Sayın Devlet Bahçeli’nin cemevlerinin ibadethane olarak kabul edilmesine dair sözleri, Türkiye’de din ve vicdan özgürlüğü alanındaki bir haksızlığa ve ayrımcılığa dikkat çekmesi açısından önemlidir. Bununla birlikte, zaten tabii olması gereken bir hakkın hâlâ anayasal güvence altına alınmamış olması büyük bir ayıptır.
Cemevlerinin ibadethane olup olmadığı hususu, din ve vicdan özgürlüğünün temel ilkeleri bağlamında ele alınmalıdır. Din ve vicdan özgürlüğü, sadece bireylerin bir inanca sahip olma ya da olmama özgürlüğünü değil, aynı zamanda inançlarını toplu olarak ve aleni bir şekilde ifade etme, ibadetlerini yerine getirme ve bu ibadetler için gerekli mekânları kurma ve yönetme hakkını da kapsar. Bir inancın ibadethanesinin neresi olduğuna karar verecek olanlar, yalnızca o inancın mensuplarıdır. Devletin ya da başka herhangi bir otoritenin bu konuda bir tanımlama yapmaya veya bir inanç grubuna ibadethanesinin neresi olduğunu dayatmaya çalışması, laiklik ilkesine ve din özgürlüğüne aykırıdır ve açıkça bir ayrımcılıktır. Bu tutum, devletin tüm inançlara eşit mesafede durma ilkesini yok sayar.

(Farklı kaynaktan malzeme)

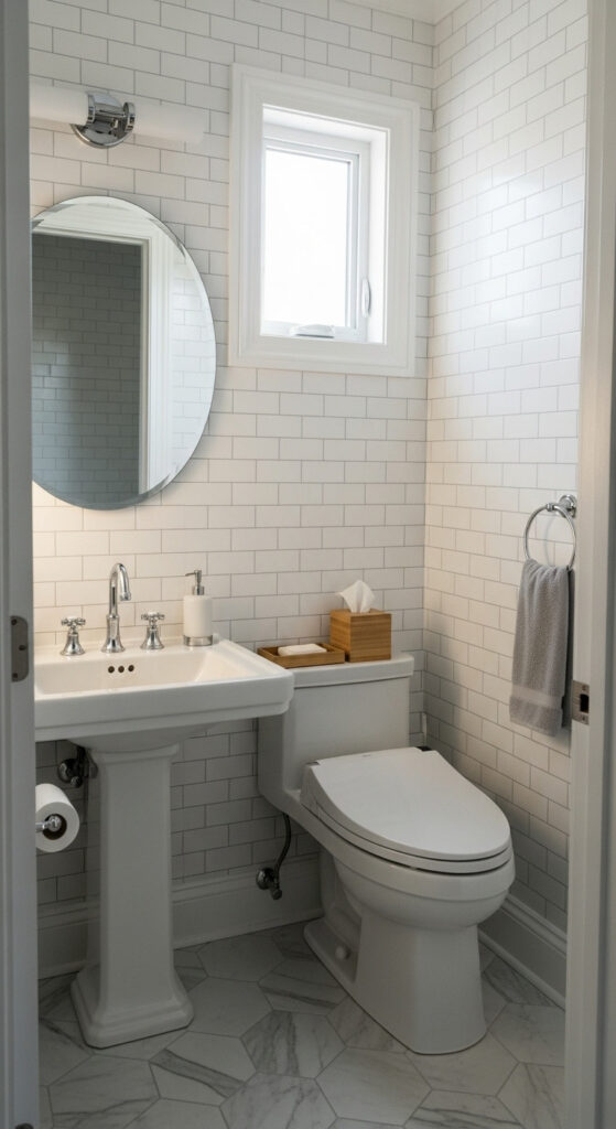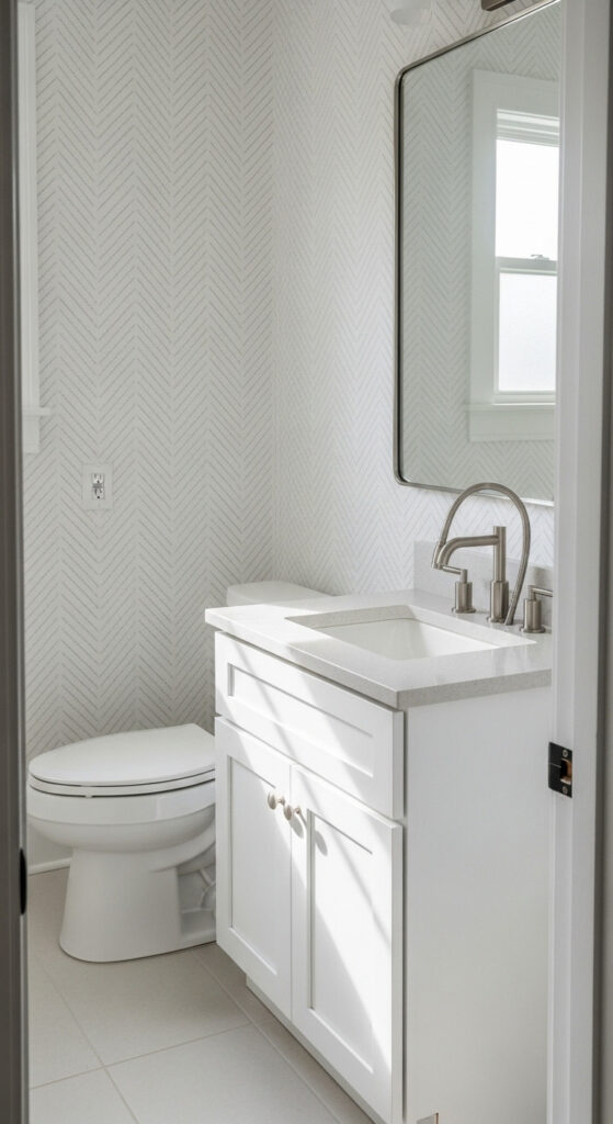 Subway tile wallpaper gives that clean, timeless look without grout maintenance. It’s perfect for tight powder rooms because white tile patterns reflect light and visually expand the space. Choose a matte, scrubbable finish that can handle splashes by the sink. Add a polished chrome faucet, a petite pedestal or console sink, and a thin-framed mirror to keep things crisp. If you want warmth, bring in a light oak vanity tray, soft gray towels, and a woven wastebasket. The look stays calm, bright, and easy to clean.

Türkiye’nin artık bu kısır döngüyü aşarak, Alevi vatandaşlarımızın temel hak ve özgürlüklerine istisnasız bir şekilde saygı duyması ve bu hakları anayasal güvence altına alması gerekmektedir. Alevi vatandaşlarımızın ibadet mekânı olarak kabul ettiği cemevlerinin ibadethane olarak kabul görmesi ve saygı duyulması, bir lütuf değil, anayasal bir zorunluluk ve uluslararası insan hakları hukukunun bir gereğidir.
Nitekim, Avrupa İnsan Hakları Mahkemesi’nin (AİHM) bu yönde verdiği kararlar da Türkiye için bağlayıcıdır ve bu kararların gereği yerine getirilmelidir.
Unutulmamalıdır ki, toplumsal huzur ve barışın temel şartı, farklılıkları bir zenginlik olarak gören, çoğulculuk içinde birliği sağlayabilen bir anlayışın egemen kılınmasıdır.